= Feardorcha Ó Conaill =

Feardorcha Ó Conaill or Frederick William O'Connell (22 October 1876 – 19 October 1929) was a Church of Ireland clergyman, writer, and translator to and from Irish often under the pen name Conall Cearnach (after the legendary hero). He is known especially for editing the work of Peadar Ó Laoghaire.

Ó Conaill was born in Newtown, Leenaun, County Galway to William Morgan O'Connell, a Church of Ireland canon, and his wife Catherine Donnelly. Leenaun was in the Gaeltacht of Connemara, and William's parents were fluent Irish-speakers who taught him the language at the age of six. He attended Trinity College, Dublin from 1891 and was ordained in 1902. He became rector of Achonry in 1907 and afterwards obtained a post as lecturer in Celtic languages and literature at Queen's University, Belfast.

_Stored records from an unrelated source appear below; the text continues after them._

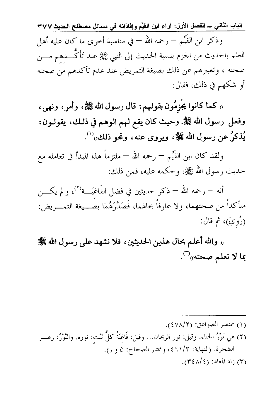 وذكر ابن القَيِّم - رحمه الله - في مناسبة أخرى ما كان عليه أهل العلم بالحديث من الجزم بنسبة الحديث إلى النبي صلى الله عليه وسلم عند تَأَكُّدِهِم من صحته، وتعبيرهم عن ذلك بصيغة التمريض عند عدم تأكدهم من صحته أو شكهم في ذلك، فقال:
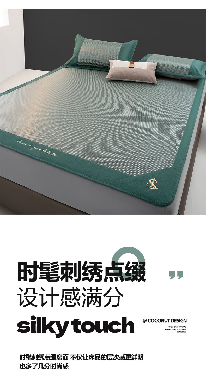 宜家坊 2025新款A类纯色绣花冰藤席凉席三件套 松花绿-床笠款
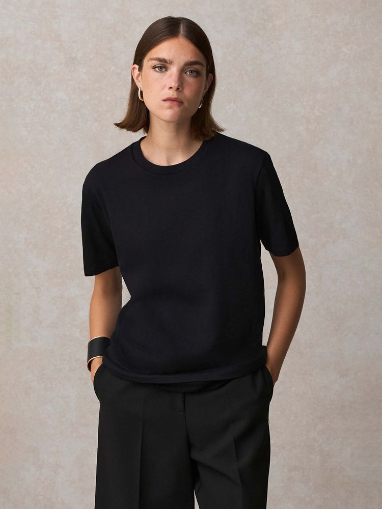 Благодаря идеальным пропорциям гребенного хлопка и переработанного полиэстера в составе, а также дополнительным обработкам ее полотно обладает повышенной мягкостью, шелковистостью и очень приятно на ощупь. Кроме того, футболка меньше мнется, не теряет форму после стирок и обладает высоким показателем Qmax — коэффициента мгновенной теплопроводности, который показывает, как быстро ткань забирает тепло от кожи. Именно он обеспечивает ощутимый эффект свежести и прохлады при первом прикосновении к ткани.
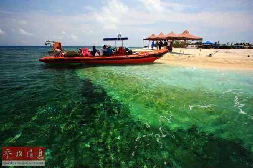 一艘小船停靠在中国南海西沙群岛水域。新华社发
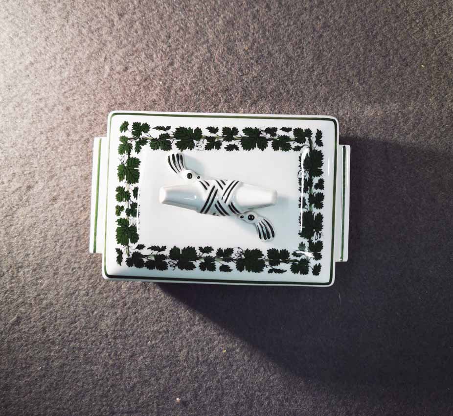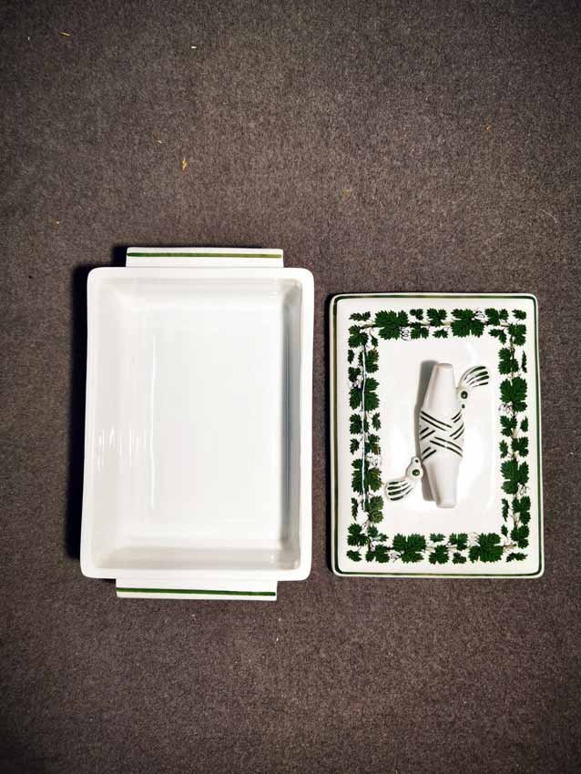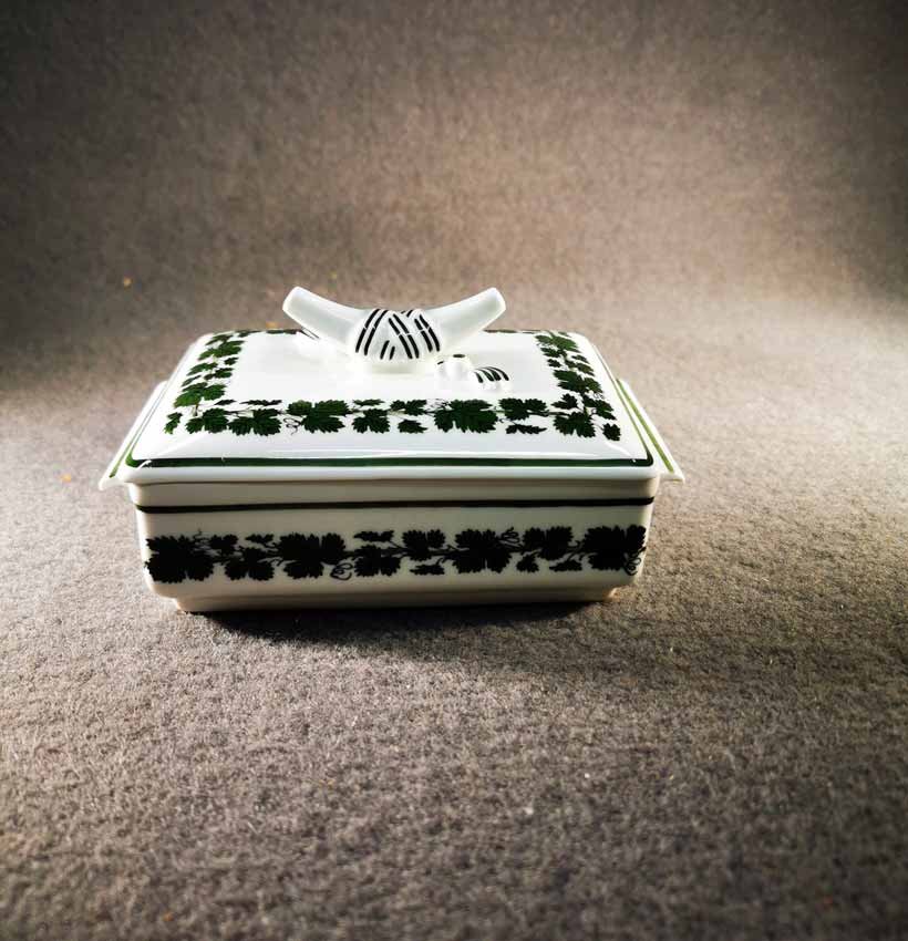 Meissen; Schmuckdose Art Deco Entw. von Paul Börner, Weinlaubdekor.
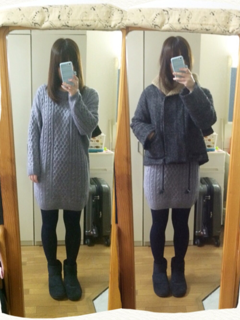 おろしたてケーブルニットワンピース。 タイツはネイビーで合わせました。 これからいっぱい着ようっと! フードのジャケットは2年前ぐらいに買った けど、めっちゃお気に入り。 今冬初めて着ました。 今年はKBFの福袋買うぞ! 楽しみ!!
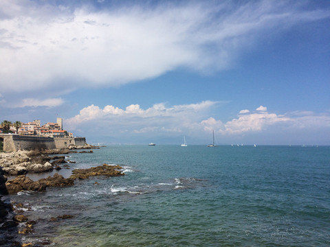 昂蒂布位于戛纳和尼斯之间,是蔚蓝海岸著名的旅游度假区,蓝天白云下帆影点点。这里的古城有2600年历史,古扑的海港、城墙、城堡、堡垒、民宅、街道尽收眼底。
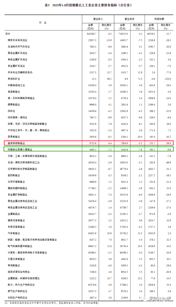 在41个工业大类行业中,造纸和纸制品业在1-8月份实现利润总额151.7亿元,同比下降39.8%;印刷和记录媒介复制业在1-8月份实现利润总额191.5亿元,同比下降9.6%。利润降幅较1-7月份均有所收窄。
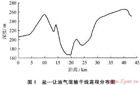 7) 管道沿程地形連綿起伏、高差大?;燧敻删€沿程經(jīng)過4個起伏地段,其中,最大高差達(dá)100m(圖1)。
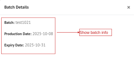 If the product has a Batch, a popup modal will appear. Add the Batch number and click Add. You can also edit the Batch by clicking the Edit icon, or view it by clicking the View icon to open the popup modal showing the Batch details.
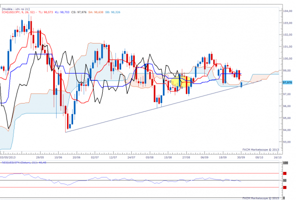 USDJPY daily (annonces économiques de Mr ABE cette nuit , très attendu par le marché) encore une fois selon moi, malgré les alertes, le gap, etc, je ne vends pas, j'attends
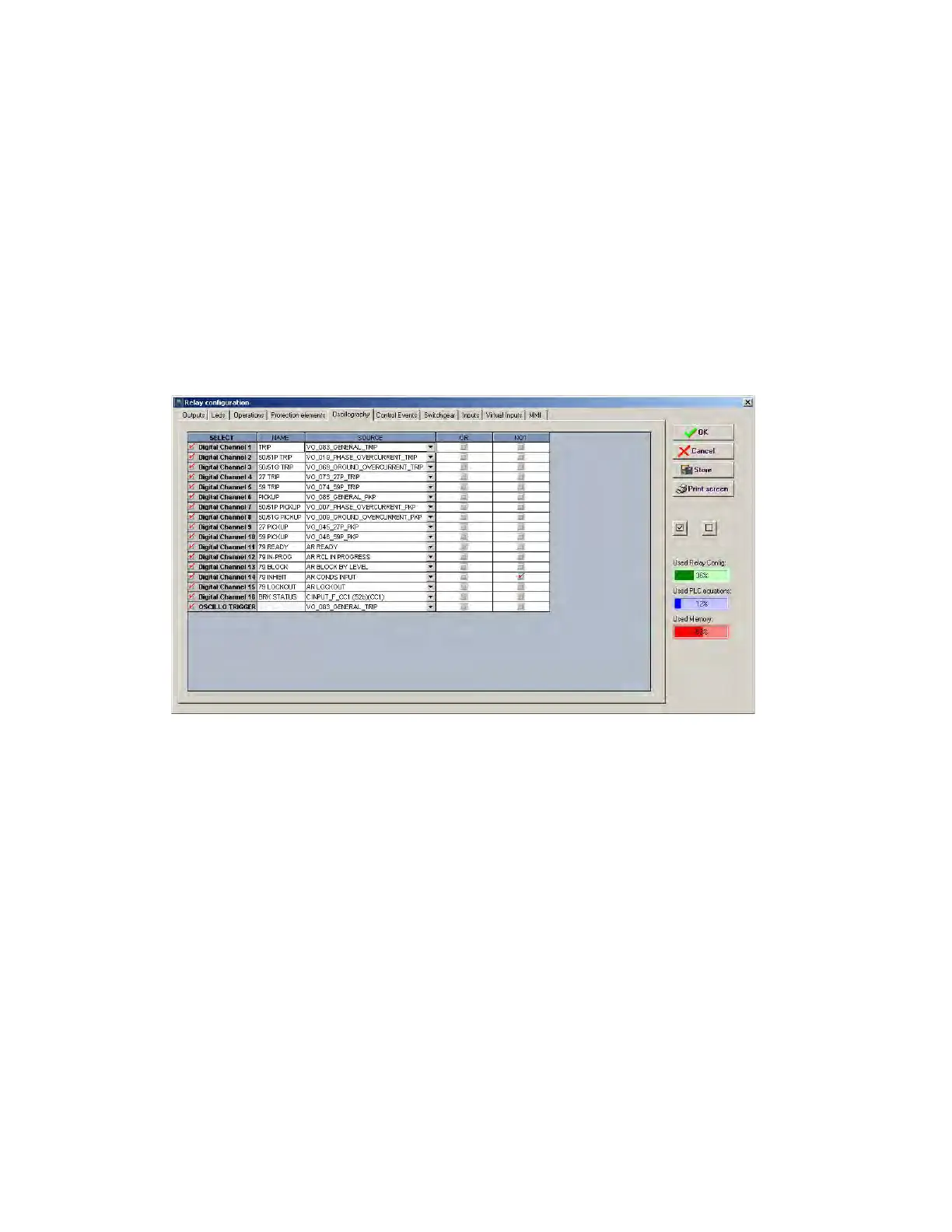 NOTE This screen is used for the configuration of digital channels and oscillography trigger. The rest of parameters,
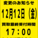 【12月12日】買取受付時間変更のお知らせ。 14件のビュー
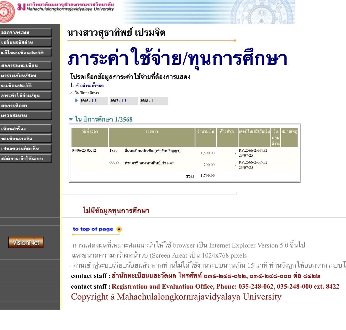สถานะเข้าพิธีประสาทปริญญา : คฤหัสถ์ ระดับ : ปริญญาตรี สังกัดคณะ: คณะสังคมศาสตร์ สาขาวิชา: รัฐประศาสนศาสตรบัณฑิต
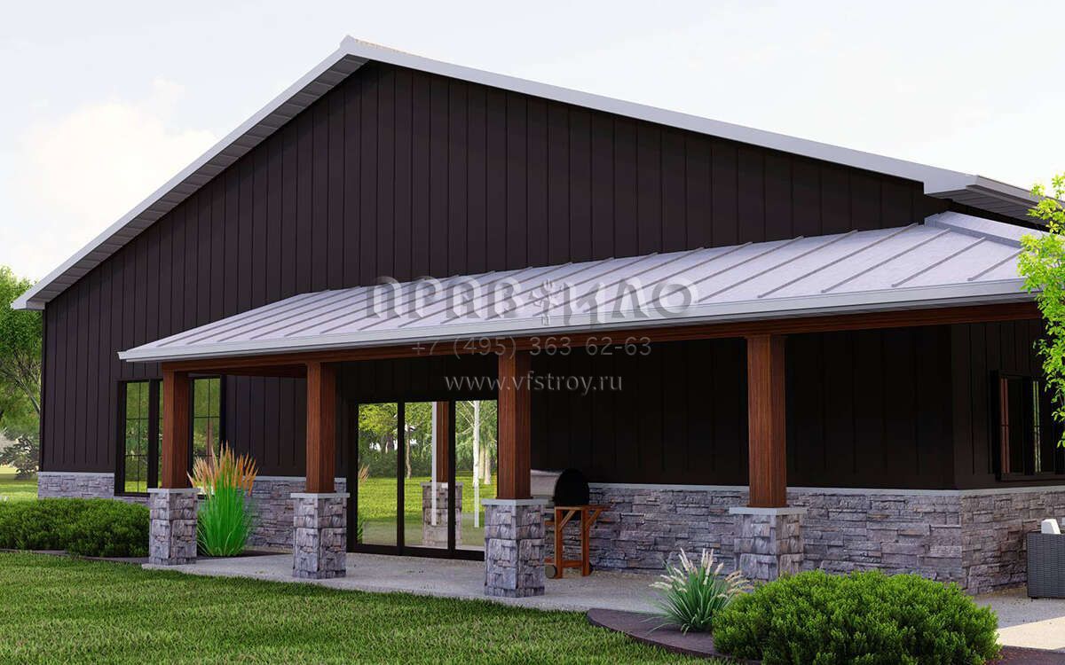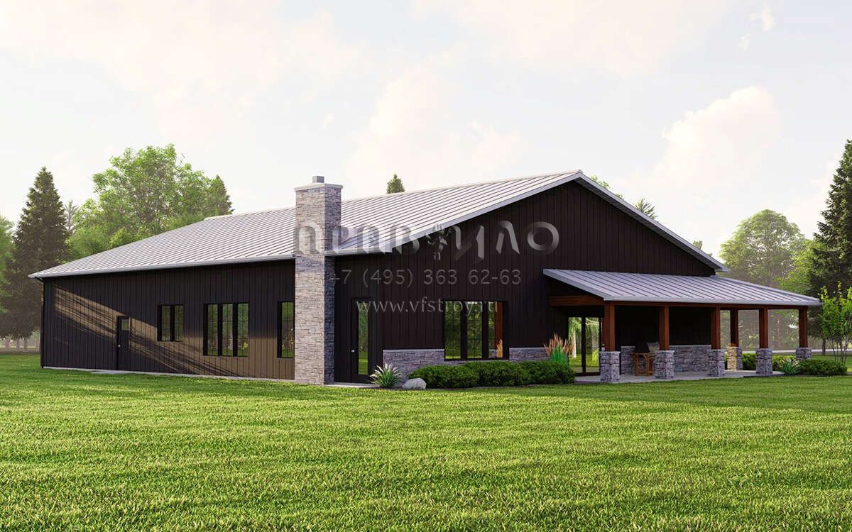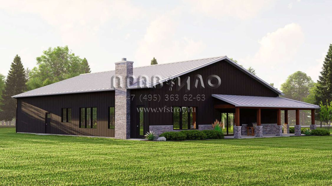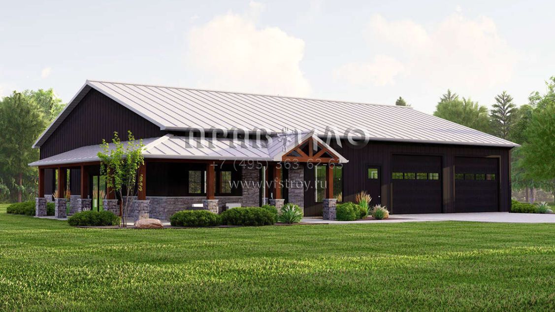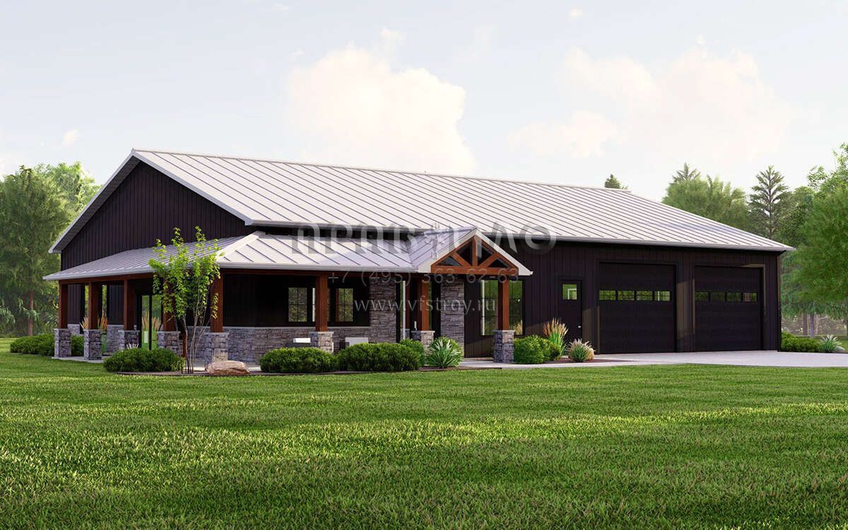 Проект одноэтажного дома с гаражом на две машины в стиле БарнХаус S5-181 (5032-00225)
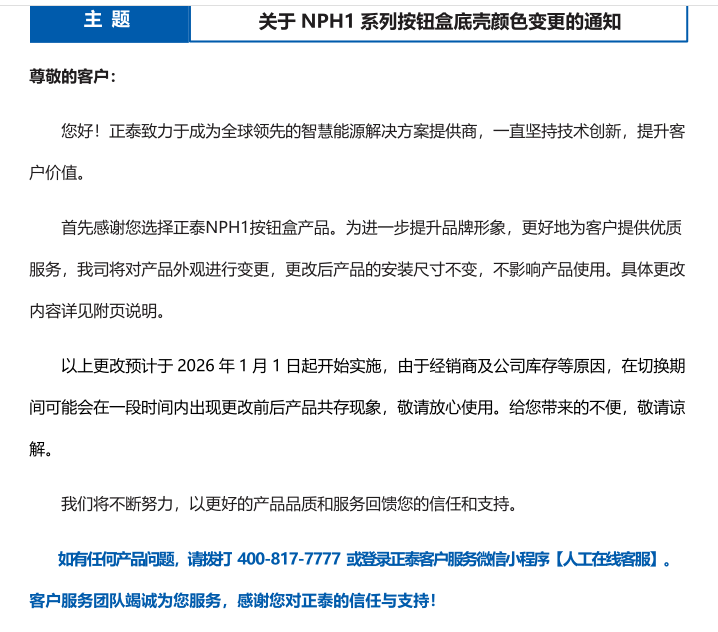 關于 NPH1 系列按鈕盒底殼顏色變更的通知
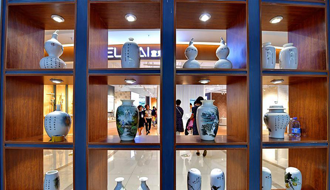 9月16日,觀眾在第二十一屆唐山中國(guó)陶瓷博覽會(huì)上參觀。
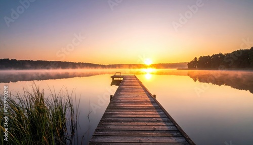 © tasyarika, Fototapeta premium Wooden Pier Extending Into Calm Lake at Sunrise with Golden Light and Gentle Mist Rising from the Water Creating a Serene Morning Atmosphere
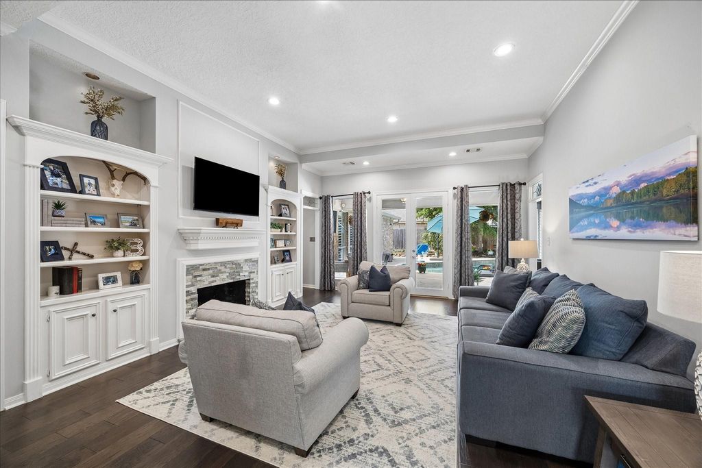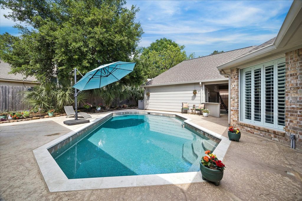 Tucked on a quiet cul-de-sac w/ mature trees, this beautifully updated 1-story offers style & easy flow. Open sightlines lead from formal living to covered patio & sparkling pool. Flexible dining area currently used as office. Kitchen features large quartzite island, abundant cabinets & bar seating, all open to spacious den w/ pool views. Private primary retreat includes dual vanities, soaking tub, oversized glass shower & 2 closets. Secondary bedrooms are generous w/ Jack & Jill bath, plus 4th bedroom w/ en suite. Backyard boasts light-filled covered patio, pool & lush landscaping. Porte-cochère adds extra parking. Zoned to sought-after schools & never flooded.
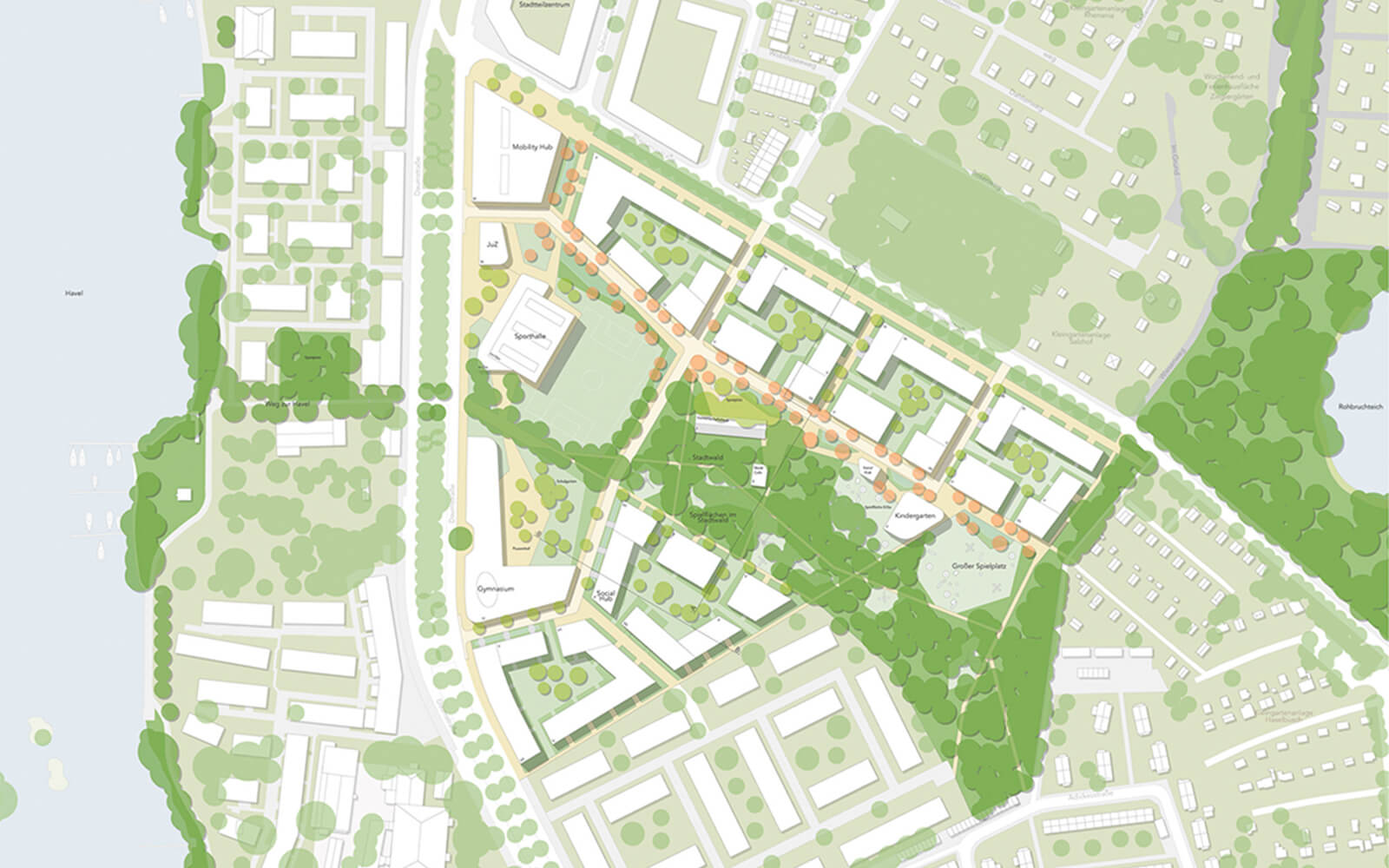 Der zentral gelegene Stadtwald wird um öffentliche und gemeinschaftliche Nutzungen außerhalb des geschützten Bereiches ergänzt und ist grüner Mittelpunkt des neuen Quartiers. Hier laufen alle Wege zusammen. Denkmalgeschützte Gebäude, Kindergarten und Freizeitnutzungen befinden sind in „Lichtungen“ unter Bäumen. Jedes Baufeld bekommt eine Adresse am Grün, die Havel ist nicht weit.
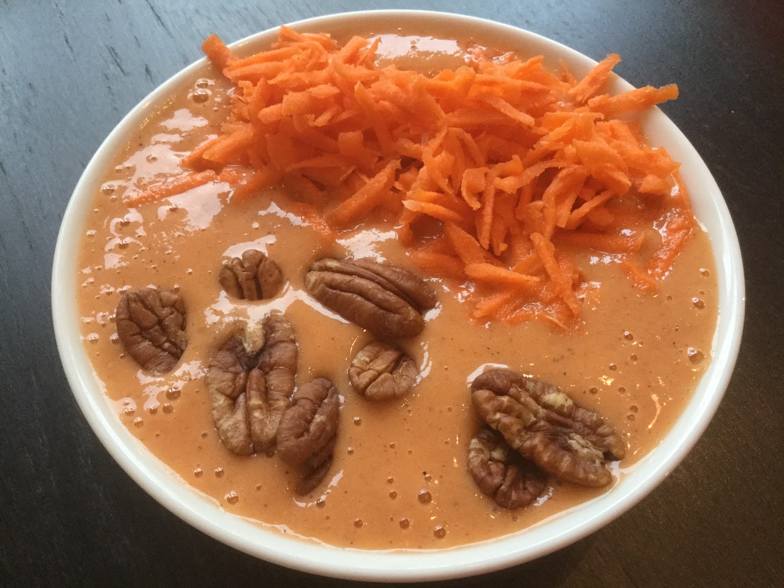 Porkkanakakku smoothiebowl maistuu porkkanakakulle ja sen ihanille mausteille, mutta on myös raikas ja viileä kokonaisuus. Banaani tuo smoothieen lempeää makeutta, mutta ei peitä porkkanan ja mausteiden makua alleen.
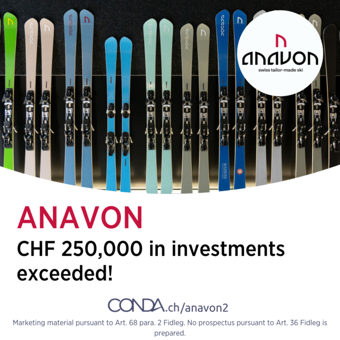 Premium ski manufacturer Anavon has cracked the CHF 250,000 investment mark with its crowdinvesting campaign on conda.ch. A total of 77 investors have already decided to support the company with their funds. The company has already passed the funding threshold of CHF 100,000 and the funding target of CHF 500,000 is now within reach. You
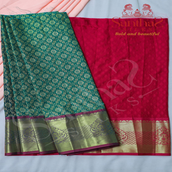 BOTTLE GREEN BODY WITH GOLDEN ZARI BORDER & BLOUSE

Ó Conaill married Helen Young in 1905; they had three sons before she died of tuberculosis in 1925 after the couple moved to Dublin. He later married Marcella Graham, a French Catholic, and may have informally converted to Catholicism. He became assistant director of Radio Éireann in 1927, months before he was struck and killed by a bus driver while hailing a tram on Lansdowne Road, Dublin.

==Bibliography==
He translated works from Spanish, Persian and Arabic.
- A Grammar of Old Irish Belfast, Mayne, 1912
- The Writings on the Wall Dublin, Gill, 1915
- The Age of Whitewash Dublin, Gill, 1921
- The Fatal Move and Other Stories Dublin, Gill, 1924; Swan River Press, 2021
- An Irish Corpus Astronomiae with R.M. Henry, London and Belfast, 1915
- Don Quixote by M. Cervantes (translation)
- The Midnight Court by Brian Merriman (translation)
- My Own Story by an tAth. Peadar Ó Laoghaire (translation)
- Three Shafts of Death by Seathrún Céitinn (translation)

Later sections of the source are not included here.